◆ PROVIDED ENTRIES:
====================

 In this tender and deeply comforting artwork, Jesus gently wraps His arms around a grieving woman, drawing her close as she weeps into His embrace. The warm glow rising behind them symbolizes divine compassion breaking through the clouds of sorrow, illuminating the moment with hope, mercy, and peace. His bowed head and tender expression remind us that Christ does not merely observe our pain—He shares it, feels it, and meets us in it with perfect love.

====================

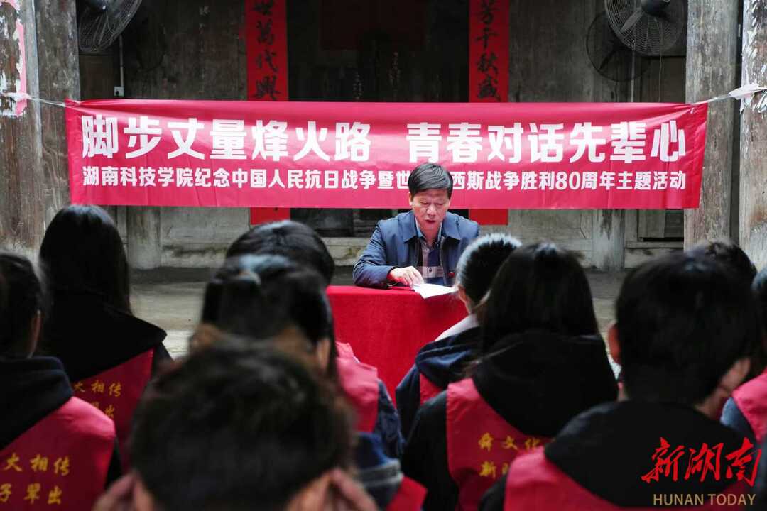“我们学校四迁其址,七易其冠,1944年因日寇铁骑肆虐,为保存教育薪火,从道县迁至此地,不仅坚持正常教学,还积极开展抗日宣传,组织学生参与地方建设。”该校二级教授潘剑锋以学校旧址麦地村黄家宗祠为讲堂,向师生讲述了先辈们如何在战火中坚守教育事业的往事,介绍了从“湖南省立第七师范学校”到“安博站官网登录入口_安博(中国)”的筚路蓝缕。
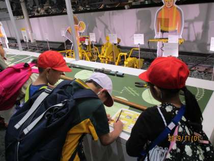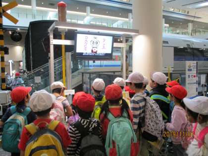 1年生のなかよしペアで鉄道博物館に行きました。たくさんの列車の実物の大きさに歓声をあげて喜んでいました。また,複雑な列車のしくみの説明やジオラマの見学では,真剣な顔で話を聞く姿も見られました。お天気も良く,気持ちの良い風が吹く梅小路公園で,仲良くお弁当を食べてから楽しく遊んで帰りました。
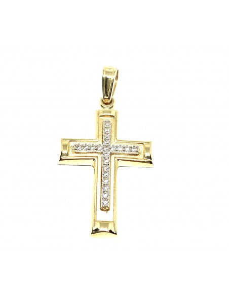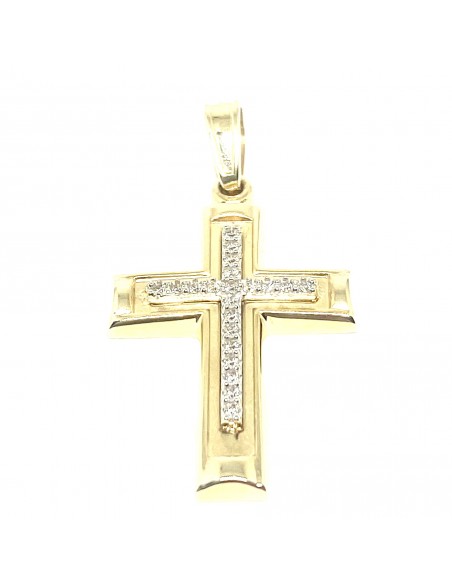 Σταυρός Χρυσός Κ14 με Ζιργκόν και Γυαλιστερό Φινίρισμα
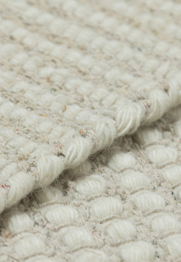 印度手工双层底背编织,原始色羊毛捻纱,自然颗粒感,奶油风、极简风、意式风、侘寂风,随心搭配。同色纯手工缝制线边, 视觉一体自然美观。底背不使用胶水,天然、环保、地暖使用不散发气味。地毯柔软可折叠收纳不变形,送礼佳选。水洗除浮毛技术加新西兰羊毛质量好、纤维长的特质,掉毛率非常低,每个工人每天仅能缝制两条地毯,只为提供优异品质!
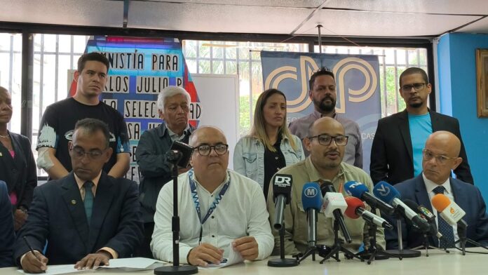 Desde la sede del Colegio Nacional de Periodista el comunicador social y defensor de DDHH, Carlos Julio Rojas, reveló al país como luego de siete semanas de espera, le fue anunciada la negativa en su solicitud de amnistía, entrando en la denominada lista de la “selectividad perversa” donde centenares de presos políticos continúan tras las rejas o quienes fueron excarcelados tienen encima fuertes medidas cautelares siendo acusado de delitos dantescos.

====================

Transcribe, exactly and without pictures, everything in the data from the line with "印度手工双层底背编织,原始色" down to the line with "Desde la sede", both included.

 印度手工双层底背编织,原始色羊毛捻纱,自然颗粒感,奶油风、极简风、意式风、侘寂风,随心搭配。同色纯手工缝制线边, 视觉一体自然美观。底背不使用胶水,天然、环保、地暖使用不散发气味。地毯柔软可折叠收纳不变形,送礼佳选。水洗除浮毛技术加新西兰羊毛质量好、纤维长的特质,掉毛率非常低,每个工人每天仅能缝制两条地毯,只为提供优异品质!
 Desde la sede del Colegio Nacional de Periodista el comunicador social y defensor de DDHH, Carlos Julio Rojas, reveló al país como luego de siete semanas de espera, le fue anunciada la negativa en su solicitud de amnistía, entrando en la denominada lista de la “selectividad perversa” donde centenares de presos políticos continúan tras las rejas o quienes fueron excarcelados tienen encima fuertes medidas cautelares siendo acusado de delitos dantescos.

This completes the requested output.